I have several sets of them. Top quality stuff, don't be afraid.


----------



## mrfiftyfour (Jun 29, 2008)

Thanks guys! I'm looking at a T-Dog bridge. I've shot an email off to Craig, the owner. His prices are very reasonable.


----------



## darkwaters (Feb 2, 2016)

Keep us posted. I'm considering one of T-Dog bridge pickups as well. $60 CAN is hard to beat.


----------



## sulphur (Jun 2, 2011)

Isn't the guy that builds these a forum member?

Was it copperhead, or something like that?


----------



## mrfiftyfour (Jun 29, 2008)

I was wondering the same thing. I searched for "vineham", but nothing came up.


----------



## sulphur (Jun 2, 2011)

I thought that there was a giveaway earlier from that outfit and sure enough...

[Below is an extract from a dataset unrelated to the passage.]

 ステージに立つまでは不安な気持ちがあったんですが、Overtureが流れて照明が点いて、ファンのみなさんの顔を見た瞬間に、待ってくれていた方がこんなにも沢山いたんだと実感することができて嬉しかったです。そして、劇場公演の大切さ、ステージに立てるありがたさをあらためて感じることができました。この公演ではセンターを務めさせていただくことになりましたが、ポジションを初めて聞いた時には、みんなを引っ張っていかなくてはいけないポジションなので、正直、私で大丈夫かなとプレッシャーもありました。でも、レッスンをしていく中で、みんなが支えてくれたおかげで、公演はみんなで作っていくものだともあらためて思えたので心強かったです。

http://www.guitarscanada.com/index.php?threads/vineham-59-paf-set-ended.65082/page-2

His post is #19.


----------



## davetcan (Feb 27, 2006)

From the man himself. He was online yesterday by the look of it, so he's still around.

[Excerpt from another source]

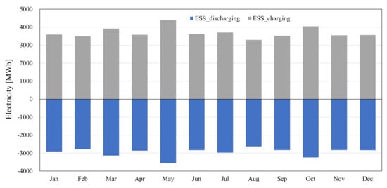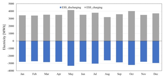 As shown in Figure 7, in Case 1, analysis was conducted for the case in which an NG generator supplied electricity and thermal energy in the Sejong smart city, and PV and ESS systems were installed on building roofs and in empty spaces. The simulation results showed that the NG generator required a capacity of 220 MW as in the base case. This is because there are many periods in which the PV systems cannot perform power generation under the significant influence of weather, and electricity must be supplied in winter, when solar radiation is low. To meet the electric load of the entire city (i.e., 412 GWh), a total of 481 GWh was produced and a surplus electricity of 69 GWh was generated. Of the total power generation, the NG generator provided 333 GWh (69.1%), the PV systems installed on the building roofs provided 143 GWh (29.7%), and the PV systems installed in the empty spaces provided 6 GWh (1.2%). Of the total surplus electricity of 69 GWh, 17 GWh was stored in the ESS and then used to meet the electric load of the city, and the remaining 52 GWh was retained as surplus electricity. In Case 1, the optimized ESS capacity was calculated to be 239 MWh, and the surplus electricity from the NG generator or PV systems was stored in the ESS and then supplied to the city as shown in Figure 8. The electricity stored per year was 42 GWh and 34 GWh was used. Thus, the loss was calculated to be 8 GWh.

http://www.guitarscanada.com/index.php?threads/vineham-t-dog-tele-set.65297/


----------



## mrfiftyfour (Jun 29, 2008)

Turns out he's very active here. Wonder why my search didn't come back with any hits?


----------



## JimiGuy7 (Jan 10, 2008)

I had a set of his 50's style Strat pickups. Hands down, the best Strat pickups I have ever owned, heard and played. Also, Craig is a great guy to deal with and is very easy to talk to. His prices are pretty damn good too!!! I will be doing business with him again.


----------



## Davidian (Sep 8, 2008)

Stumbled upon his ad while on these forums as well. I've been thinking of a new P90 soapbar set for my PRS SE. I've researched Sanford, Reilander and MJS pickups as well - all Canadian fellows btw, good to support the locals.


----------



## cheezyridr (Jun 8, 2009)

vine ham made me remember this:

Two Mexicans are stuck in the desert after crossing into the United States , wandering aimlessly and starving. They are about to just lie down and wait for death, when all of a sudden Luis says………
“Hey Pepe, do you smell what I smell. Ees bacon, I theenk.”
“Si, Luis, eet sure smells like bacon. ”
With renewed hope they struggle up the next sand dune, & there, in the distance, is a tree loaded with bacon.
There’s raw bacon, there’s fried bacon, back bacon, double smoked bacon …. Every imaginable kind of cured pork.
“Pepe, Pepe, we ees saved. Ees a bacon tree.”
“Luis, maybe ees a meerage? We ees in the desert don’t forget.”
“Pepe, since when deed you ever hear of a meerage that smell like bacon…ees no meerage, ees a bacon tree.”
And with that, Luis staggers towards the tree. He gets to within 5 metres, Pepe crawling close behind, when suddenly a machine gun opens up, and Luis drops like a wet sock. Mortally wounded, he warns Pepe with his dying breath,
“Pepe… Go back man, you was right, ees not a bacon tree!”

Ees a *ham bush!!!*


----------



## BMW-KTM (Apr 7, 2015)

I have his Vivids installed in my Strat Partsocaster. One at the neck and one at the bridge. One of his singles in the middle .... so .... HSH.
I like them and although they are not as bright as he lead me to believe, they are still brighter than most any other buckers I have ever tried and that was kind of the point of the exercise. I was looking for humbuckers but I wanted a set that was EQ'd fairly close to a typical single coil. The Vivids got me very close to where I wanted to be. I certainly couldn't have gotten as close as I did without his help. I very likely won't be replacing his pups because I am fairly certain I won't find anything else that is more suited to my needs. I suspect these pups would really smarten a Les Paul right up.


----------



## cboutilier (Jan 12, 2016)

I'm very interested in a set of his Nocaster pups for my Baja body


----------



## georgemg (Jul 17, 2011)

Man, those prices are quite good.


----------



## lexx (Feb 26, 2009)

I have 3 sets from Craig now. His pickups are excellent and he is a pleasure to deal with.


----------



## copperhead (May 24, 2006)

This thread was eluding me ..lol


----------



## Steve Adams (Dec 31, 2009)

Hey Craig! get my pm? To everyone....I have 3 sets of Craigs pickups, had 4 but sold a guitar with them in there. I have a set of dippers in my mayer clone, a set of texas in my 60s surf green, a set of custom wound blk1 pickups I have going into my blk1 relic replica, and had a tele pickup that was awesome!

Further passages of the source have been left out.